Only a completely moribund technology is impervious to change! As digital technologies and services evolve, the demands placed on the associated namespaces also evolve in novel and unpredictable ways.
The DNS is an interesting case in point in that, so far, it has been able to respond to the evolving Internet without requiring fundamental changes to the structure of its namespace, to the distributed information model, or to the name resolution protocol. Most of the evolutionary changes that have been folded into the DNS to date have been undertaken in a way that preserves backward compatibility, and the cohesion of the underlying namespace has been largely preserved.

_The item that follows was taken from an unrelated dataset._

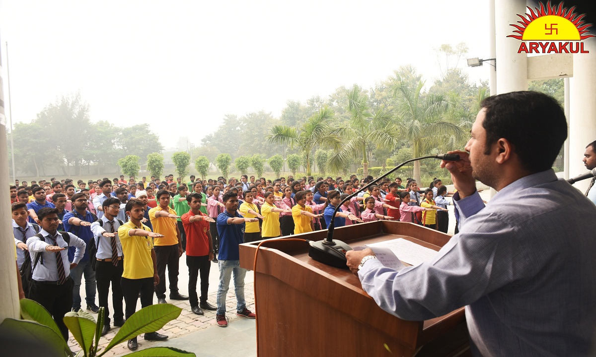 (www.arya-tv.com)बिजनौर स्थित आर्यकुल ग्रुप ऑफ़ कॉलेज में लौह पुरुष सरदार वल्लभभाई पटेल की 144वीं जयंती के अवसर पर उन्हें याद करते हुए शपथ ग्रहण समारोह का आयोजन किया गया। डॉ अंकित सेठ ने कॉलेज के प्रबंध निदेशक सशक्त सिंह की उपस्थिति में छात्र-छात्राओं व् शिक्षक शिक्षिकाओं के साथ मिलकर देश की अखंड़ता और एकता के लिए एक जुट रह कर प्रयास करने की शपथ दिलवाई।

However, maintaining this cohesion across the Internet is not an assured outcome looking into the future. The pressures at a national and regional level to impose barriers to access to content are often expressed in the manner of imposing selective barriers to the resolution of content service names, and the DNS is left carrying the burden of supporting such selective fragmentation in the Internet. The camel has undeniably poked its nose into the tent of name coherence in the form of EDNS Client Subnet, where the response given to a query may be dependent on who is querying, as much as the name that is being used in the query, and it’s likely that this more qualified and fragmented model of a namespace will persist and support an increasingly fragmented Internet.